James: proceeding slowly. Only RAL GU queue created.

GridPP Folding@Home.

Alessandra: submitting jobs to all sites with Dirac. https://stats.foldingathome.org/team/246309
Some problems getting it running, eg at Glasgow. But we are doing quite well, and we can steadily continue.
RAL contributing to GridPP, on T1 Cloud, Scarf, PPD GPU machines.


Other

Elena: Request to change HTCondor-CE. Alessandra suggested to apply CEs manually.
Managed to add ce03, but couldn't add other three. They are active in AGIS.
Will discuss with Alessandra on Skype.

News round-table

Alessandra: working on Folding@Home. Will start to look at HTCondor-CE on testbed. Manchester ARC-CE is quite old.
Dan: Aiming to maintain steady state. 
Elena: last meeting as active ATLAS Cloud Support. Will join meeting if need help. Elena will take on ATLAS report Tuesday next week.

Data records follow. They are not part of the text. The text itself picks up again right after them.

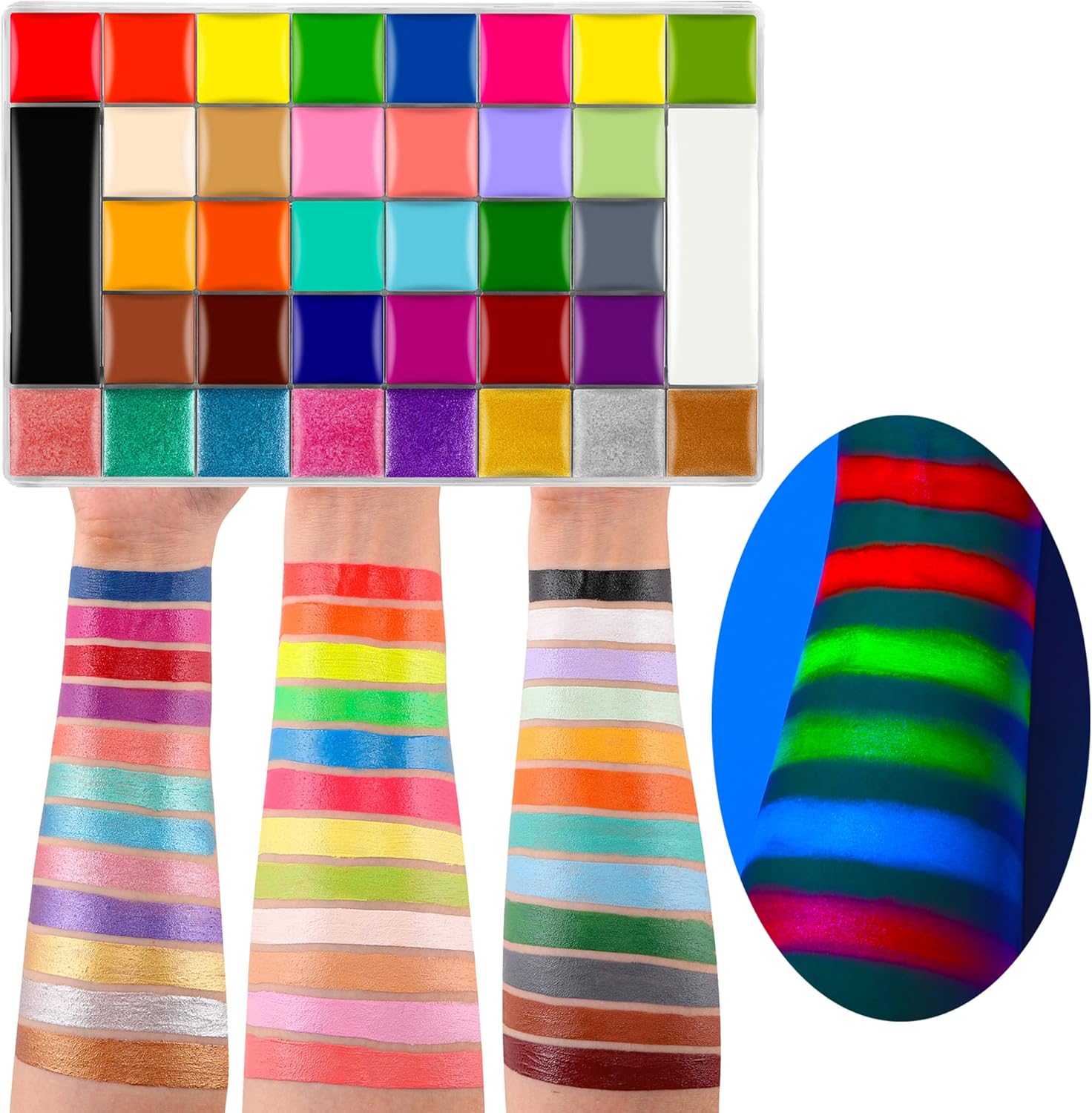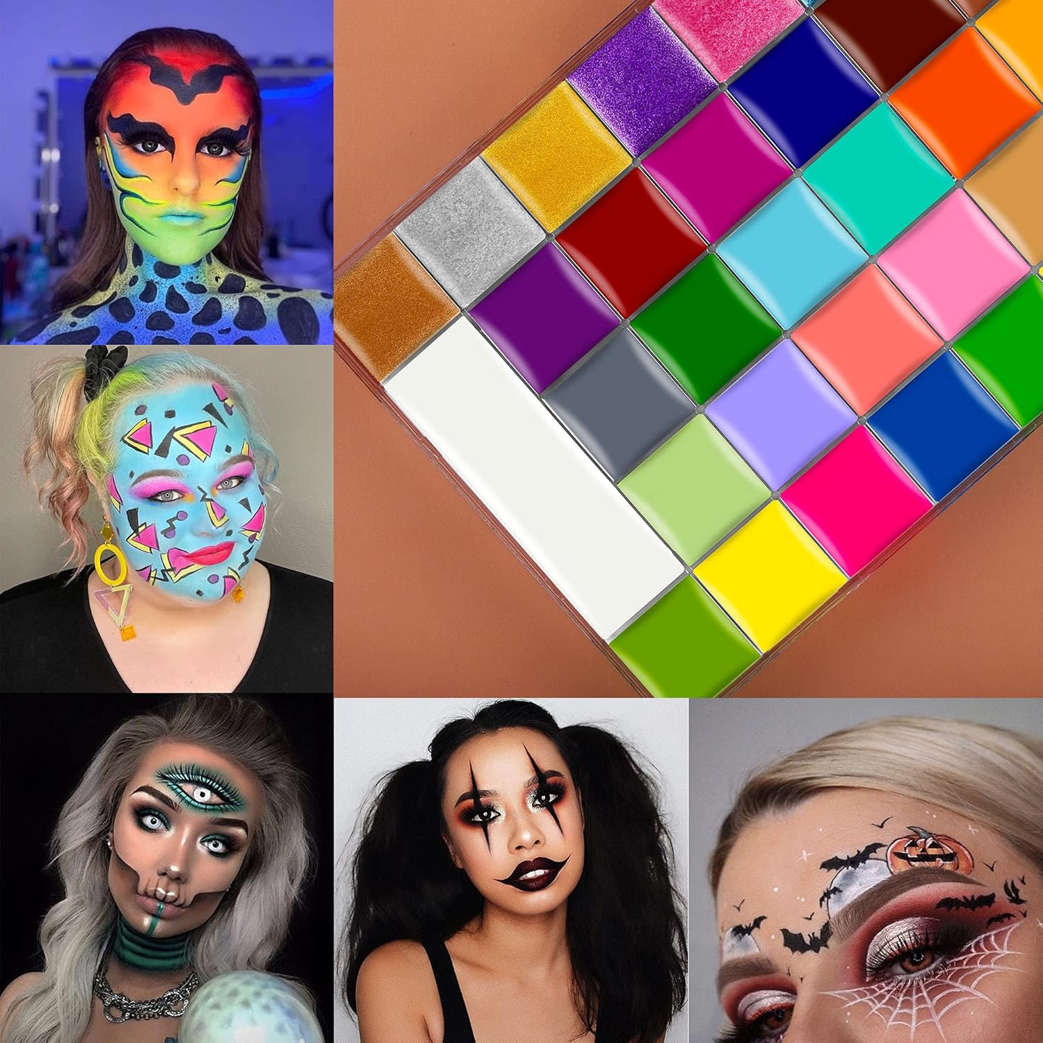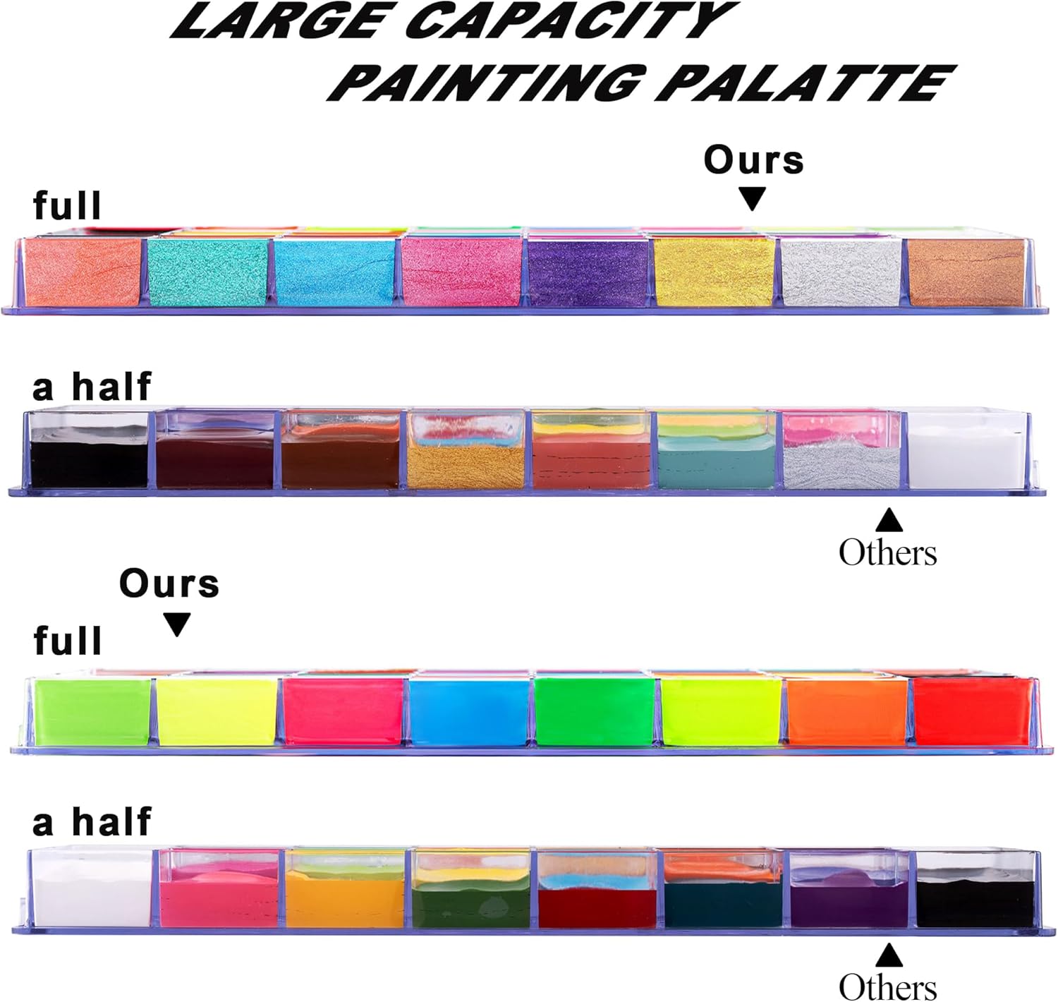 【أساس الزيت】 لوحة طلاء الوجه: نسيج كريمي يغطي البشرة دون عيوب؛ لون مركز؛ سهل النشر؛ يمكنك نشرها رقيقة كما تريد أو تعبئتها بشكل سميك كما تريد. صديقة لكل من المحترفين أو المبتدئين. (لأن هذا المنتج يعتمد على زيتي، فإنه يحتاج المزيد من الوقت لتجف، نقترح استخدام مسحوق ضبط بعض اللوحة)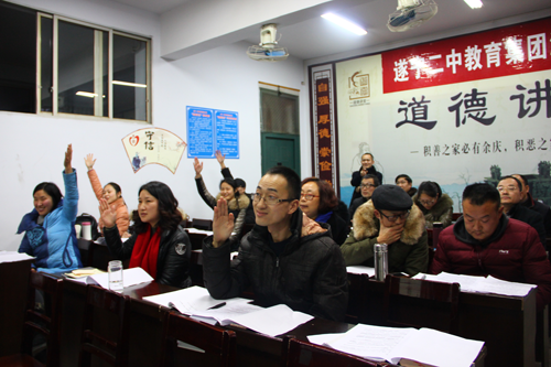 新年伊始,2018年1月4日下午中共遂寧二中教育集團(tuán)濱江校區(qū)支部第一黨小組和第二黨小組聯(lián)合開展了黨的十九大精神知識(shí)競賽,會(huì)議由學(xué)校黨辦主任孟軍同志主持。
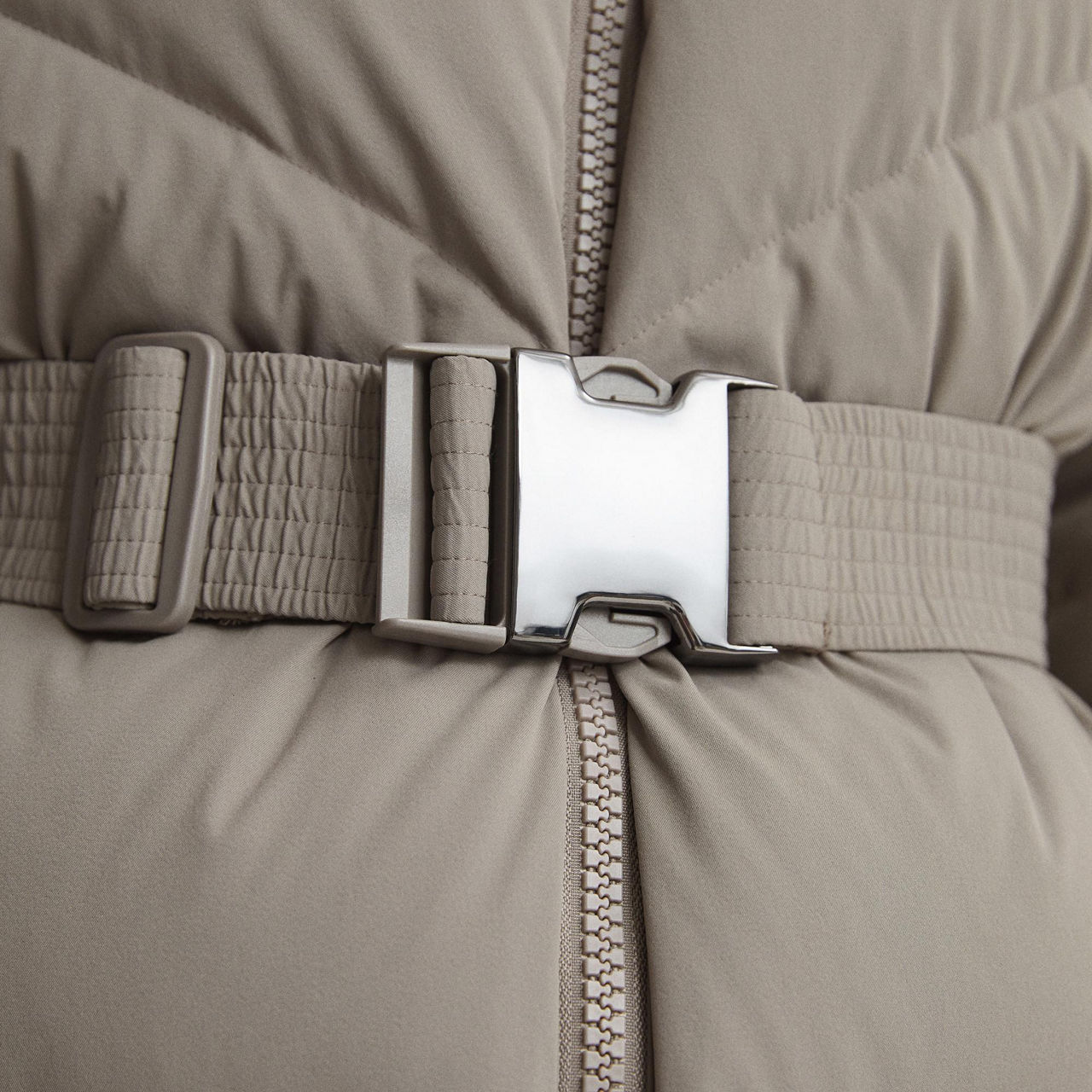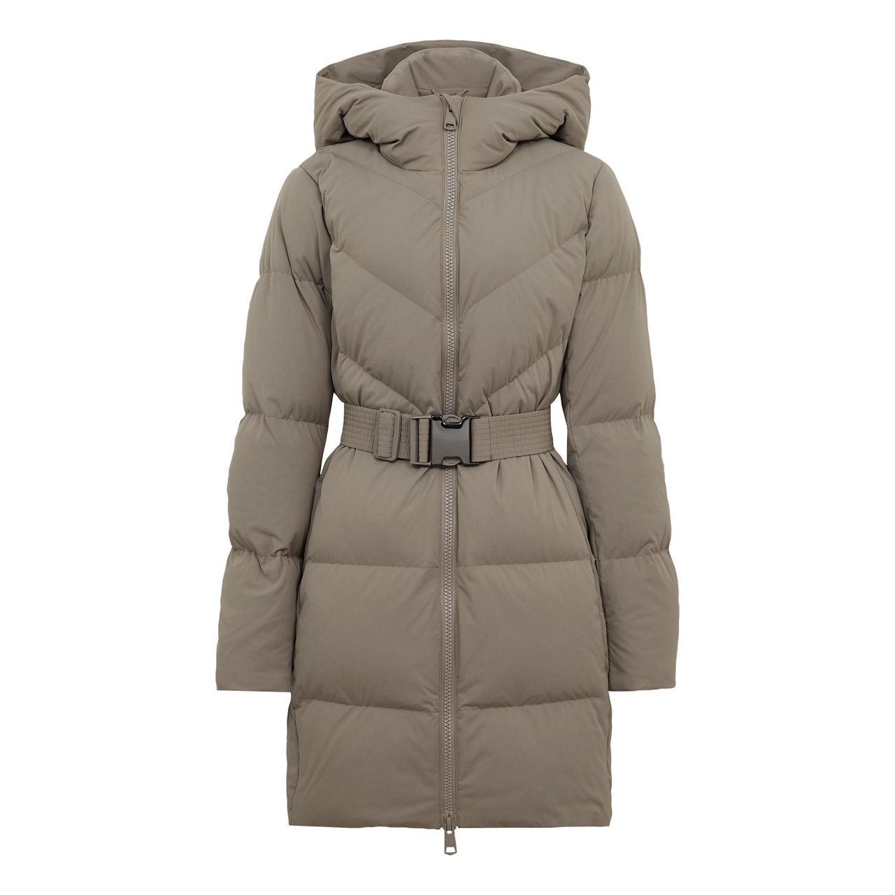 - Quilted, recycled filling, belt, high neck, fleece lined pockets, hood
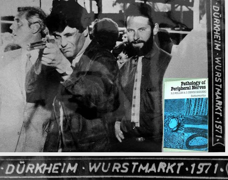 Figure 4. Neuropathology group at the Albert Einstein College of Medicine 1968. First row, left to right: Drs Kinuko Suzuki, Mariene Lenger, Krystyna Wisniewska, Kytja Voeller and Anne Johnson. Second row, left to right: Drs Roy Weller, Henryk Wisniewski, Robert D. Terry, John Andrews, Jan Leestma and Ivan Herzog. Third row, left to right: Drs Steven Shayvitz, Michael Shelanski, Richard Snyder, John Prineas and Carlos Araoz. I have Kinuko-Suzuki to thank for my much of my training in diagnostic neuropathology and for her friendship that lasts to the present day. Of the younger members of the team, Michael Shelanski became Professor of Pathology at Columbia University in New York, John Prineas returned to Australia as a Neurologist in Sydney to continue his research on multiple sclerosis. Jan Leestma developed a very successful career in Forensic Neuropathology in Chicago; we are still in contact. After the photograph in Figure 4 was taken, Cedric Raine and Peter Spencer joined Bob Terry’s Department. Cedric developed a very successful career in multiple sclerosis research. Peter Spencer moved into Toxicology and together with Herb Shaumburg published a large multi-author book on Clinical and Experimental Neurotoxicology to which my colleague in Southampton, John Mitchell, and I contributed a chapter on a fascinating Mexican segmental demyelinating neuropathy due to ingestion of fruit and seeds of the Buckthorn plant (Karwinskia humboltiana) 8. It was rumoured that Mexican women would administer small amounts of the fruit or seeds to their husbands so that that they would feel weak and stay at home rather than spending the evenings drinking with their friends. Return to England In the fall of 1968, my family and I returned to England and I was appointed Lecturer in Pathology at Guy’s Hospital Medical School. I continued my close connections with Neuropathology by working in Peter Daniel’s Department at the Institute of Psychiatry in London. My joint appointment allowed me to learn much from Peter and from his colleagues. I also broadened my knowledge of clinical diagnostic pathology in general by engaging in the analysis of renal biopsies in collaboration with David Turner, a fellow Pathologist, and Renal Physicians, Stewart Cameron and Chisholm Ogg. This was a very fruitful time as correlation of the ultrastructural changes in renal biopsies with clinical syndromes was still in its early stages. Together with Barry Nester, I published mid-20th-century diagnoses for three post-mortem kidneys that had been preserved by Richard Bright in the 1820-30s 9. For me, this was a valuable time for establishing contacts in London and elsewhere in the UK and for considering my ultimate career. During the 1970s I started to regularly attend conferences abroad, mainly in Europe. This was essential for my continuing education and for maintaining contact with colleagues. I also benefitted by visiting many interesting countries and cities and meeting a great variety of different people. In 1971, I was fortunate to spend a short period in Berlin with Jorge Cervós Navarro that not only greatly increased my experience in neuropathology, but also allowed me to appreciate life in East Berlin, then in the Soviet bloc, and to visit the famous Pergamon Museum and its marvellous exhibits from Ancient Greece. It was through Jorge that I was introduced to the German Neuropathology Society. At this time, trips to interesting nearby attractions were a feature of the German conferences. Following a meeting in Heidelberg, for example, we visited Bad Dürkheim and the Dürkheimer Wurstmarkt (sausage market but in reality the world’s largest wine festival) (Figure 5). I retained contact with Jorge for many years and together we wrote a book on the “Pathology of Peripheral Nerves” that was published in 1978.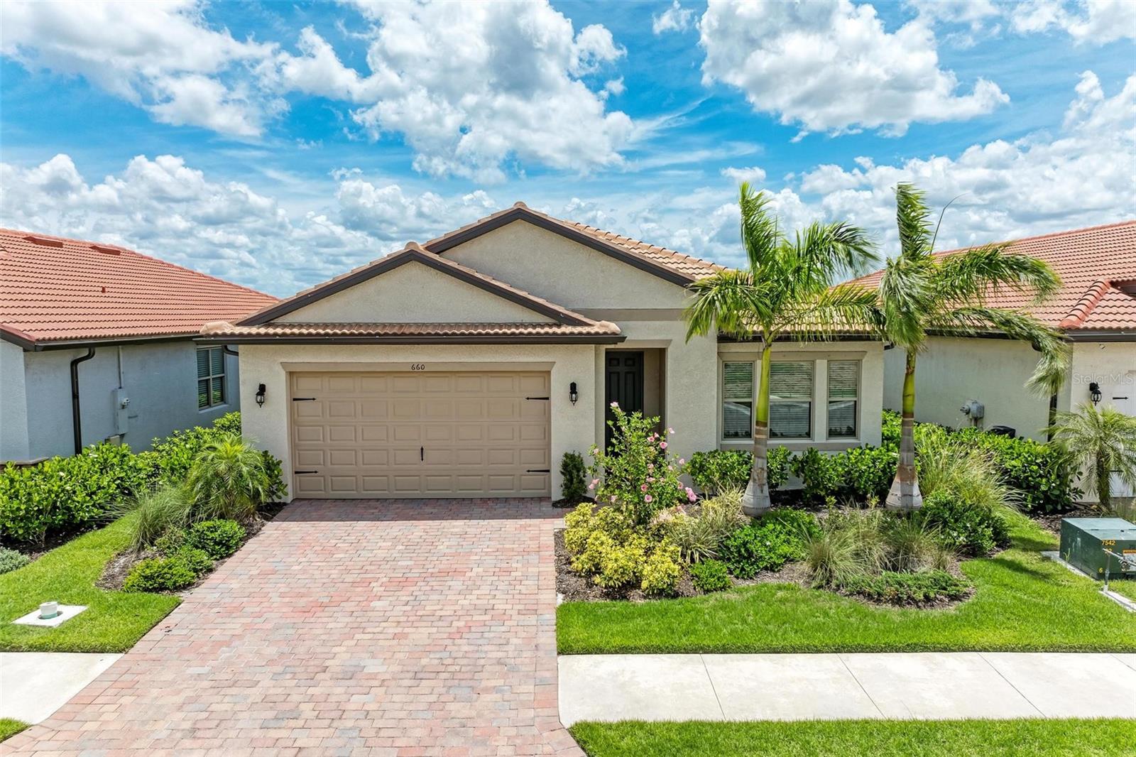 **THIS PROPERTY QUALIFIES FOR A 1% LENDER INCENTIVE IF USING PREFERRED LENDER. INQUIRE FOR MORE DETAILS.** Immerse yourself in the gated, lakefront community of Toscana Isles, offering exclusive, maintenance-free living. Built in 2022 with an array of builder upgrades, this home epitomizes resort-style living. A charming brick paver driveway and vibrant tropical landscaping invite you into the thoughtfully designed interior. Spanning nearly 2,000 sq. ft., the home offers 3 spacious bedrooms and 2.5 bathrooms, retaining the pristine feel of new construction without the wait. An open floor plan is enhanced by large windows offering serene lake views and abundant natural light, creating a bright and airy ambiance. Elegant vinyl plank flooring runs throughout the main living areas, complemented by crown molding, high ceilings, and 8-foot doors. The kitchen boasts Whirlpool stainless steel appliances, stone countertops, and a spacious island ideal for entertaining and meal preparation. A triple sliding glass door opens to the tranquil screen-enclosed lanai, perfect for morning coffee or evening relaxation with serene lake views. The primary suite features a tray ceiling, crown molding, and lake views, providing a peaceful retreat. Its en suite bathroom includes a tiled shower, dual vanities, and a private water closet. A spacious walk-in closet conveniently connects to the laundry room, equipped with built-in shelving and a sink for added convenience. The split floor plan ensures privacy by separating the primary suite from two additional bedrooms that share a well-appointed second bathroom. A convenient half bath leads to the garage, where you'll find upgraded epoxy flooring and versatile storage solutions, ideal for workshop needs and extra storage space. Residents of Toscana Isles enjoy a range of amenities covered by HOA fees, including lawn maintenance, ensuring a carefree lifestyle. The clubhouse serves as the vibrant heart of the community, featuring a gathering room for social events and a state-of-the-art fitness center offering yoga and aerobics classes. Outdoor enthusiasts can enjoy tennis, pickleball, and bocce ball courts, while families appreciate the nearby playground and pet owners enjoy the dedicated dog park. The resort-style pool beckons with its expansive sun deck, loungers, and shaded cabanas, offering an ideal retreat. Nature lovers can explore the serene lake for kayaking and paddleboarding, or take leisurely strolls along scenic walking paths through meticulously landscaped gardens and green spaces. Toscana Isles enjoys a prime location with easy access to the area's Gulf Coast beaches. Indulge in beach activities and water sports, or enjoy breathtaking sunsets just a short drive away. The community also offers a rich cultural scene and recreational opportunities, including historic Venice Island with its charming downtown area, Venice Theatre, and Venice Art Center.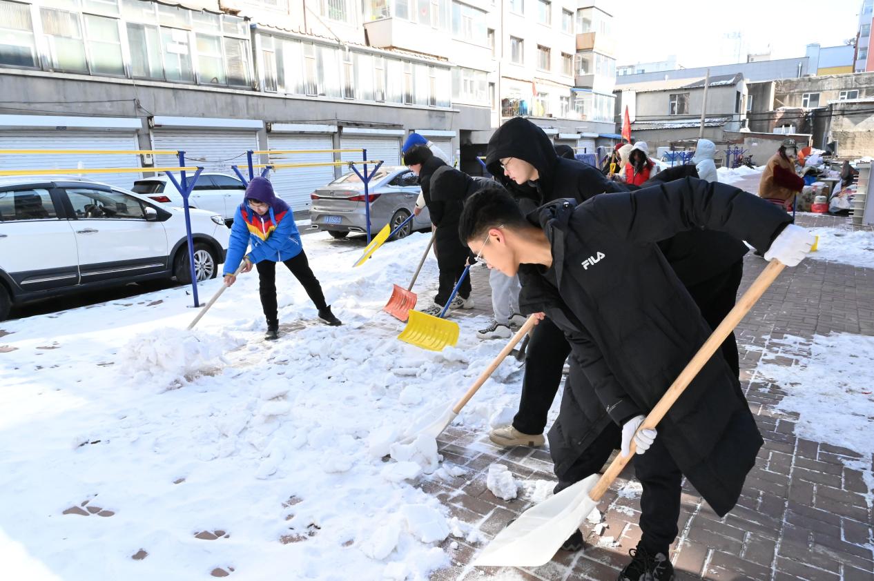 的同学们依然充满活力,热情投入到清扫冰雪的志愿服务行动中,历经了数个小时的分工合作和努力劳动,同学们终于将对应区域的冰雪清扫干净,得到了社区工作人员及居民的一致认可和高度赞扬。

Alessandra will take over.
Gareth: keeping things going.
James: NTR
Peter: thanks to Elena.
Sam: will get file list of atlas data on problematic server.
Stewart: last meeting chairing.
Tim: thanked Stewart and Elena.
Vip: NTR

There are minutes attached to this event. Show them.
    • 10:00 10:20
      Status 20m

      GGUS# 146280 Lancaster
        deletion errors: trying to keep disk server online whilst draining the data off (updated post-meeting).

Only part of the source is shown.